Depending on resource availability, clinical setting, and the risk scenarios, AGILE 3+ is an accurate and valid alternative to FIB-4 and LSM for the noninvasive assessment of disease severity and prognosis in patients with NAFLD.
我们旨在评估 AGILE 3+的诊断准确性,AGILE 3+是一种新开发的评分系统,基于天门冬氨酸氨基转移酶/丙氨酸氨基转移酶比值、血小板计数、糖尿病状态、性别、年龄和瞬时弹性成像测量的肝硬度(LSM)组合而成,与 Fibrosis-4(FIB-4)和 LSM 相比,用于诊断晚期纤维化,并预测非酒精性脂肪性肝病(NAFLD)患者的肝脏相关事件(LREs)发生。

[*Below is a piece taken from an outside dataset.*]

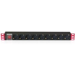 TechlyPro I-CASE STRIP-91UD, P/N: 366709 – Listwa zasilająca PDU Rack 19” 1U 9x uniwersalne gniazdo Schuko, podświetlany włącznik z osłoną, 250V/16A, kabel 2m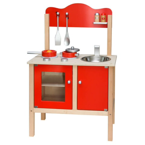 Ez a piros fa játékkonyha valósághű környezetet teremt, ahol a gyerekek kedvükre „főzhetnek” és „süthetnek”, miközben természetes módon fejlődik kreativitásuk, kíváncsiságuk és kézügyességük. A konyhai jelenetek eljátszása közben a képzelet szárnyra kap,

共纳入 614 例经活检证实的 NAFLD 或临床诊断为 NAFLD 相关代偿性肝硬化患者。在随访期间记录 LREs。测量 FIB-4、瞬时弹性成像(FibroScan 设备)的 LSM 和 AGILE 3+。使用受试者工作特征曲线(AUROC)和决策曲线分析评估非侵入性标准诊断晚期纤维化和预测 LREs 的性能。
在经活检证实的 NAFLD 患者(n=520)中,LSM 和 AGILE 3+的 AUROC 高于 FIB-4(LSM 和 AGILE 3+的 AUROC 为 0.88,而 FIB-4 的 AUROC 为 0.78;P<0.001),用于诊断晚期纤维化,而 AGILE 3+在测试中具有更小的不确定区域(FIB-4 为 25.2%,LSM 为 13.1%,AGILE 3+为 8.3%)。在整个患者队列中,AGILE 3+在预测 LREs 方面与 LSM 相比具有更高的 AUROC(36 个月 AUROC 0.95 与 0.93;P=0.008;60 个月 AUROC 0.95 与 0.92;P=0.006;96 个月 AUROC 0.97 与 0.95;P=0.001)。决策曲线分析表明,所有评分在 5%至 10%的风险阈值下,在无晚期纤维化的情况下,对于排除晚期纤维化具有适度的净获益。在 36、60、96 和 120 个月时 LRE 的 5%假阴性或假阳性风险阈值下,AGILE 3+在排除 LRE 方面优于 FIB-4 和 LSM。
根据资源可用性、临床环境和风险情况,AGILE 3+是一种准确有效的替代 FIB-4 和 LSM 的方法,可用于评估 NAFLD 患者的疾病严重程度和预后。